Input data:
□ □ □ □

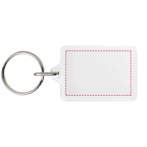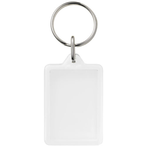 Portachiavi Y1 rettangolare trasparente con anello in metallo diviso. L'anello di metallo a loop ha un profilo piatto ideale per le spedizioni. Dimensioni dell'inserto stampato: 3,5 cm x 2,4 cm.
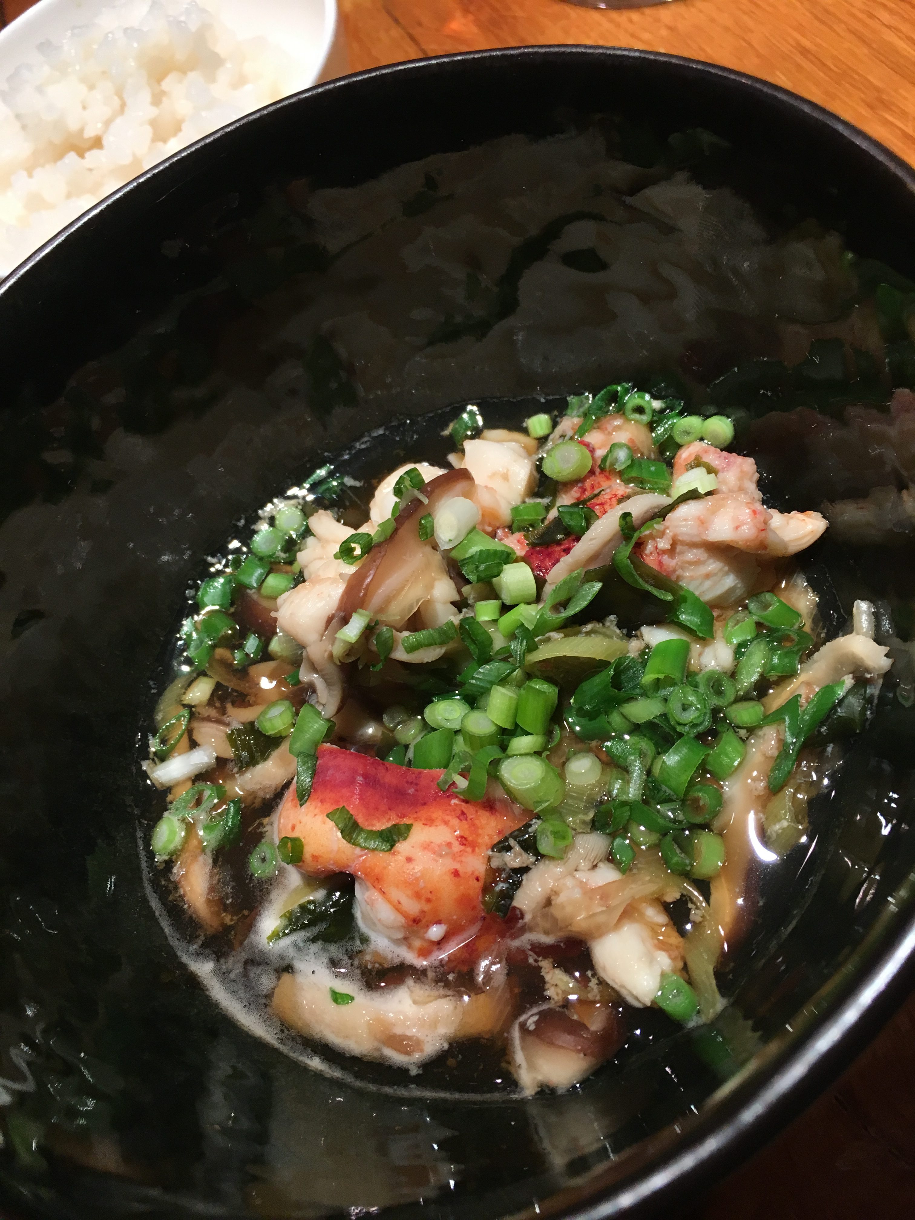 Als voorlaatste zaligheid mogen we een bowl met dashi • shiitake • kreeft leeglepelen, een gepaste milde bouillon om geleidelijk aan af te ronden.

□ □ □ □

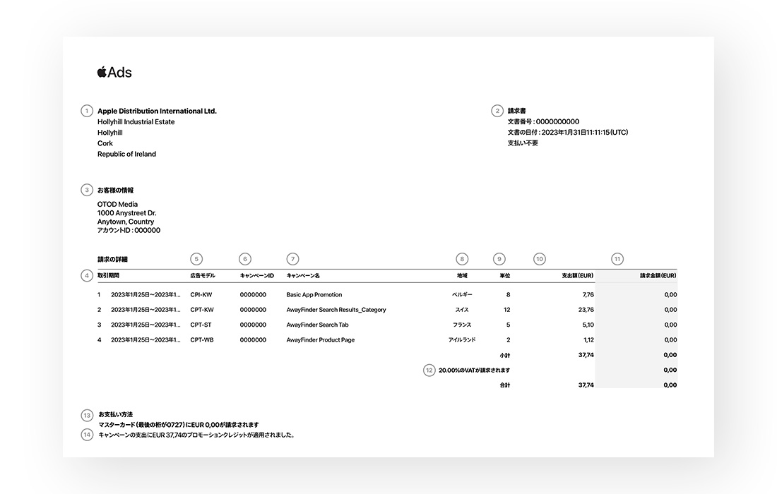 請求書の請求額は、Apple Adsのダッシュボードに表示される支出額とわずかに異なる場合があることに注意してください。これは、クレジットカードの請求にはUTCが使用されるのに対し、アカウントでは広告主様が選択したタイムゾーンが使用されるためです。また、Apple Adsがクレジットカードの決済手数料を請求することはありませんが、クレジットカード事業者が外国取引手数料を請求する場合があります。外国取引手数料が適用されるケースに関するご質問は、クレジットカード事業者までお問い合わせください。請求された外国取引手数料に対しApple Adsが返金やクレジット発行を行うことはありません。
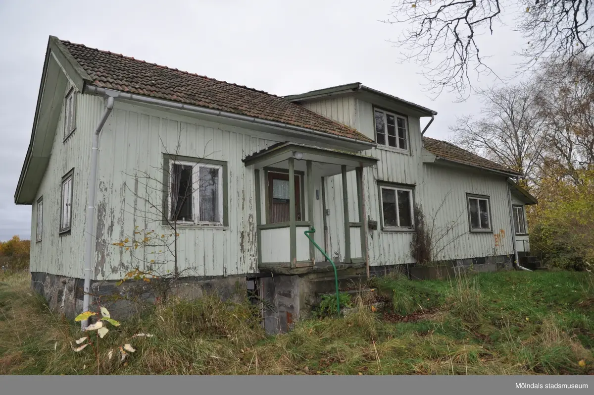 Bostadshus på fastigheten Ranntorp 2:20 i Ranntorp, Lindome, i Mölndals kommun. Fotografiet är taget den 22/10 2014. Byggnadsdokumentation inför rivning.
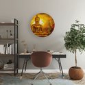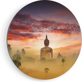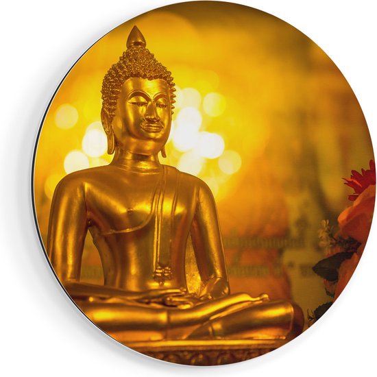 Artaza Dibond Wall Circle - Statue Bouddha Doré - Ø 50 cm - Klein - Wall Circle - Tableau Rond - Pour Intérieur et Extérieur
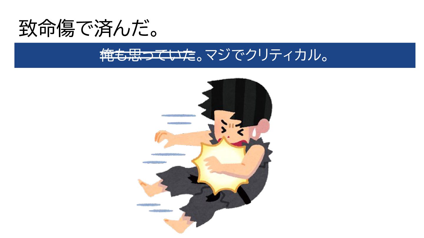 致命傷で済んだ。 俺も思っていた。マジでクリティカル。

□ □ □ □

Brief: In the entries above, find the line containing "Artaza Dibond Wall" and the line containing "致命傷で済んだ。 俺も思っていた。マジでクリティカル。", then copy both and every line between them exactly, without any picture.

Exercise response:
 Artaza Dibond Wall Circle - Statue Bouddha Doré - Ø 50 cm - Klein - Wall Circle - Tableau Rond - Pour Intérieur et Extérieur
 致命傷で済んだ。 俺も思っていた。マジでクリティカル。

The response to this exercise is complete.